◆ **YOUR GOAL**:
Your answer should be the lines below from the one holding "Bellezza che sboccia" through the one holding "Это потрясающее аэрофото", copied exactly and with nothing else.

═════ PROVIDED MATERIAL

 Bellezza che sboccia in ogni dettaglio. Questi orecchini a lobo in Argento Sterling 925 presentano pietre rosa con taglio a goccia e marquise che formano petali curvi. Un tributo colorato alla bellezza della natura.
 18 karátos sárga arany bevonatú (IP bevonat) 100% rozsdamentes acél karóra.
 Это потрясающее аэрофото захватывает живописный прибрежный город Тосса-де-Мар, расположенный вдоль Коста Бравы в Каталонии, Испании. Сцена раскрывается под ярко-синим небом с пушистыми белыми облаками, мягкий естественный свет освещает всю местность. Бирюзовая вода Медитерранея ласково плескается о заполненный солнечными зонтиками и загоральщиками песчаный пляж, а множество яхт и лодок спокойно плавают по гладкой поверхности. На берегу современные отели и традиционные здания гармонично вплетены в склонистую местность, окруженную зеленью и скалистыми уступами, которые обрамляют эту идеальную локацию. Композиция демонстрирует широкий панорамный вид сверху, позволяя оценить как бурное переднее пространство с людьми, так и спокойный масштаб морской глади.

══════════
═════ PROVIDED MATERIAL

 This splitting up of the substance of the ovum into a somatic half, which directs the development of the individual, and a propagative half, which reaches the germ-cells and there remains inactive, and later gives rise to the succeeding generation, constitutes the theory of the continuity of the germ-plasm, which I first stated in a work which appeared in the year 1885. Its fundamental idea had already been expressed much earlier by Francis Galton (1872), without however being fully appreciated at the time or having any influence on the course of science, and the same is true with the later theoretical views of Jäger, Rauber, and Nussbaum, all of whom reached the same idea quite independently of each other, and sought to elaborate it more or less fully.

══════════

◆ **EXERCISE RESULT**:
 Bellezza che sboccia in ogni dettaglio. Questi orecchini a lobo in Argento Sterling 925 presentano pietre rosa con taglio a goccia e marquise che formano petali curvi. Un tributo colorato alla bellezza della natura.
 18 karátos sárga arany bevonatú (IP bevonat) 100% rozsdamentes acél karóra.
 Это потрясающее аэрофото захватывает живописный прибрежный город Тосса-де-Мар, расположенный вдоль Коста Бравы в Каталонии, Испании. Сцена раскрывается под ярко-синим небом с пушистыми белыми облаками, мягкий естественный свет освещает всю местность. Бирюзовая вода Медитерранея ласково плескается о заполненный солнечными зонтиками и загоральщиками песчаный пляж, а множество яхт и лодок спокойно плавают по гладкой поверхности. На берегу современные отели и традиционные здания гармонично вплетены в склонистую местность, окруженную зеленью и скалистыми уступами, которые обрамляют эту идеальную локацию. Композиция демонстрирует широкий панорамный вид сверху, позволяя оценить как бурное переднее пространство с людьми, так и спокойный масштаб морской глади.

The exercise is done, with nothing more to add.